July 14, 2015 / 4:17 AM / 2 years ago

Dalian iron ore rises as rebar recovers, near-term restocking seen

* Dalian iron ore up 1.1 pct, Shanghai rebar also gains

* Spot iron ore steady at just below $50/tonne

* Vale to replace higher cost output, but keeps 2015 target

By Manolo Serapio Jr

MANILA, July 14 (Reuters) - Chinese iron ore futures climbed more than 1 percent on Tuesday as steel prices recovered on hopes traders would rebuild stockpiles after a recent rout and ahead of seasonal peak demand.

Firmer futures may push benchmark spot iron ore higher later in the day, having stabilised at close to $50 a tonne on Monday after last week's dive, along with Chinese equities, to a 10-year low.

The most-traded September iron ore contract on the Dalian Commodity Exchange was up 1.1 percent at 371.50 yuan ($60) a tonne by midday, after touching a record low of 333 yuan on July 9.
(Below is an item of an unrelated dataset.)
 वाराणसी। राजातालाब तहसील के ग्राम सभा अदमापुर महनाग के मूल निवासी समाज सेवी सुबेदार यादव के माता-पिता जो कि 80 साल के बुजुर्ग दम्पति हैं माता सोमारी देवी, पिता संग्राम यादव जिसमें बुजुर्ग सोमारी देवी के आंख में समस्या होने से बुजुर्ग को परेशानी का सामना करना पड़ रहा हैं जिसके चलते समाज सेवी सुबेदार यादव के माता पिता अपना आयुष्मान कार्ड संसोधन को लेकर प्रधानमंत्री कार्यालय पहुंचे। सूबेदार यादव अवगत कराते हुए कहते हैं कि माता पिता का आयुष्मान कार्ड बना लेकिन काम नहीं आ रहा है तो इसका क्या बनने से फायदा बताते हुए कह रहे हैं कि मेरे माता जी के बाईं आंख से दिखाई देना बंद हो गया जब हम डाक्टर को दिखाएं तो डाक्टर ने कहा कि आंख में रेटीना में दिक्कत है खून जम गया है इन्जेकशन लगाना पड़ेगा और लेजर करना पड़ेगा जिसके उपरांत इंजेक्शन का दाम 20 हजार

Steel futures also rose. Rebar for October delivery on the Shanghai Futures Exchange gained 0.5 percent to 2,022 yuan a tonne, distancing further from last week's all-time trough of 1,891 yuan.

China's slowing economy, forecast to have grown at a six-year low of 6.9 percent in the second quarter, and a cooling property sector have hit demand for steel which shrank around 5 percent in January-May, roiling prices and squeezing mills' margins.
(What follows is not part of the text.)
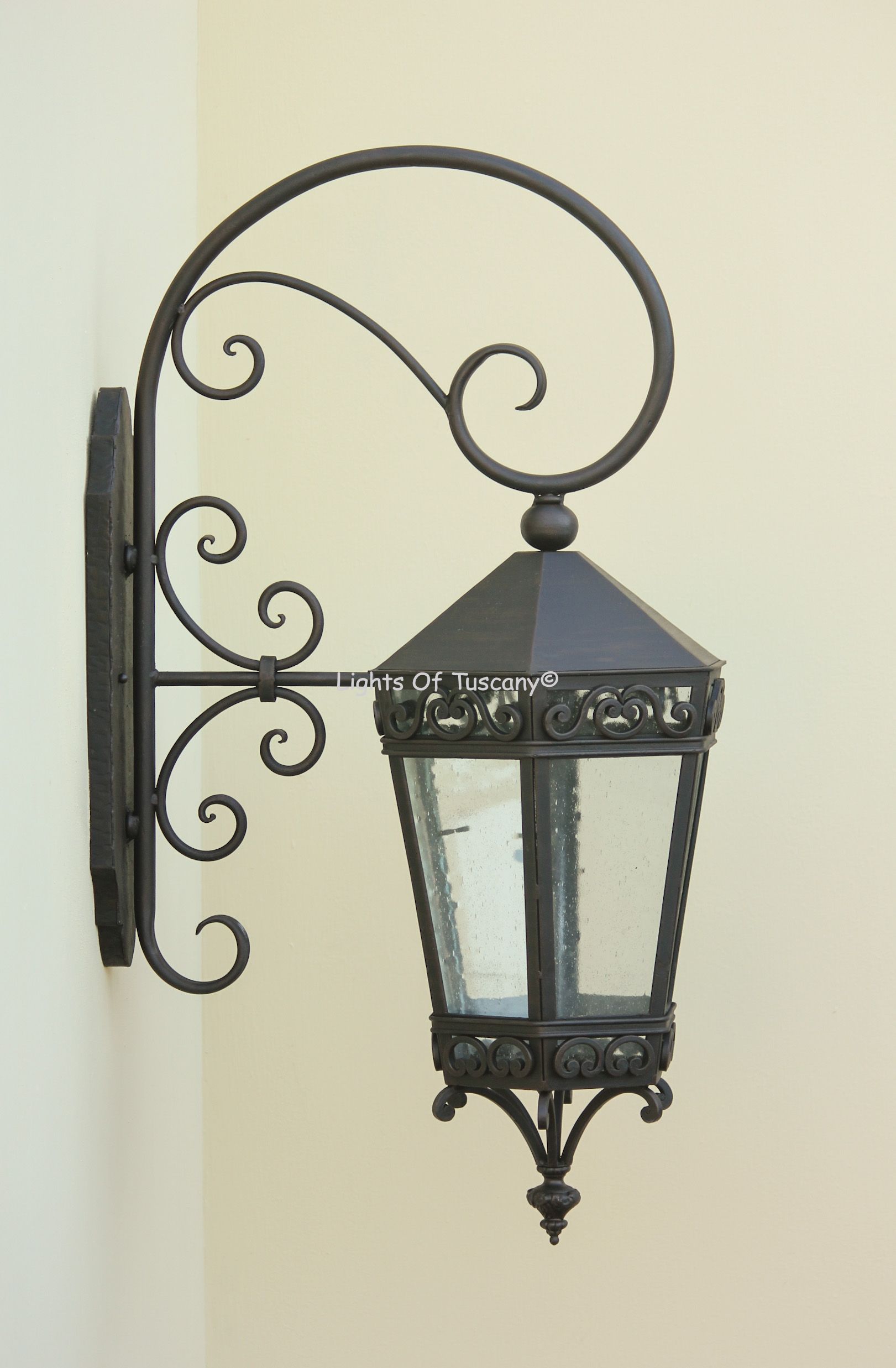 This beautiful hand crafted outdoor wall light is made of all authentic hand forged wrought iron. All our fixtures are hand painted and available in any of our finish options. This fixture is perfect for garage lighting, outdoor walls, backyard and patio lighting.

"Looking ahead, the steel restocking demand ahead of September peak season and recovery of housing market will help revive domestic demand," Argonaut Securities analyst Helen Lau said in a note, referring to top steel consumer China.

A drop in iron ore prices to below $50 a tonne also spurred some buyers, including Chinese mills looking to replenish inventories, traders said.

Iron ore for immediate delivery to China's Tianjin port .IO62-CNI=SI was unchanged at $49.90 a tonne on Monday, according to The Steel Index (TSI). The benchmark touched $44.10 last week, the lowest on record since TSI began compiling the data. Based on annual pricing that preceded the current spot-based system, it was the lowest since 2005, according to data compiled by Goldman Sachs.

Faced with tumbling prices, Vale, the world's largest iron ore producer, will replace 25 million tonnes a year of higher-cost production with cheaper tonnes.

"The shift in focus towards maximising margins, rather than maintaining volume at any cost, may provide some support to prices in near term," ANZ Bank said in a note.